Making Sense Of the DeSean Jackson Move

Eagles wide receiver DeSean Jackson (10) returns a punt return against the Detroit Lions during the fourth quarter of the Snow Bowl

The release sent out by the Eagles landed in reporters’ inboxes at 12:40 p.m. Friday and contained 25 words:

“After careful consideration over this offseason, the Philadelphia Eagles have decided to part ways with DeSean Jackson. The team informed him of his release today.”

So far, that is the only on-the-record explanation the team has provided for letting go of a 27-year-old wide receiver who caught 82 balls for 1,332 yards and nine touchdowns in 2013.

The decision to part ways with Jackson came 35 minutes after published a report about the wide receiver’s connection to Los Angeles-area gang members. The timing on the Eagles’ part was calculated. They became aware of the report two days earlier. They also knew that announcing Jackson’s release shortly after the report was published would soften the public backlash of getting rid of one of the team’s most productive offensive players.

But the truth is the team decided Jackson was more trouble than he was worth long before the report was published. The Eagles had been shopping him in hopes of getting something back. The problem? They didn’t field any attractive offers because of a number of factors working against them.

Word spread that the Eagles might cut Jackson, making teams reluctant to offer up any significant compensation. Throw in his salary, and even if teams were interested in the wide receiver’s talent, they were more likely to take their chances that he’d be available on the open market than give up draft picks.
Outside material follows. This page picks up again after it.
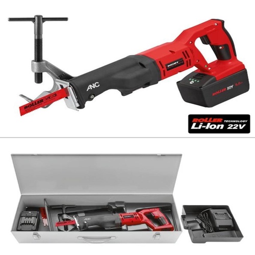 REMS Stainless Steel Akku Fox 22 V VE Machine for industrial applications. Features 21.6V/500W battery motor, 0-1900 rpm speed. Weighs 3.4kg.
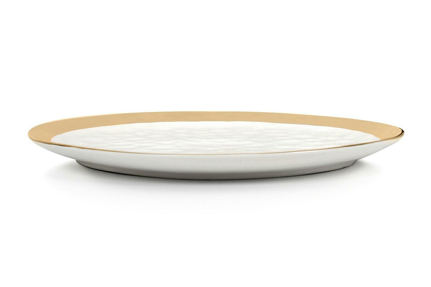 Komplet dwóch talerzy, biało-złotych 38 cm, Bell Kare

After the owners’ meetings in Orlando last week, the Eagles appeared to be hitting the reset button on Jackson. Chip Kelly called the wide receiver to let him know where he stood. And the head coach spoke positively about Jackson’s work ethic and production in 2013. The plan seemed to be to create the impression that maybe the Eagles would hold on to Jackson. That would provide a six-week window before the draft in which they could field trade offers.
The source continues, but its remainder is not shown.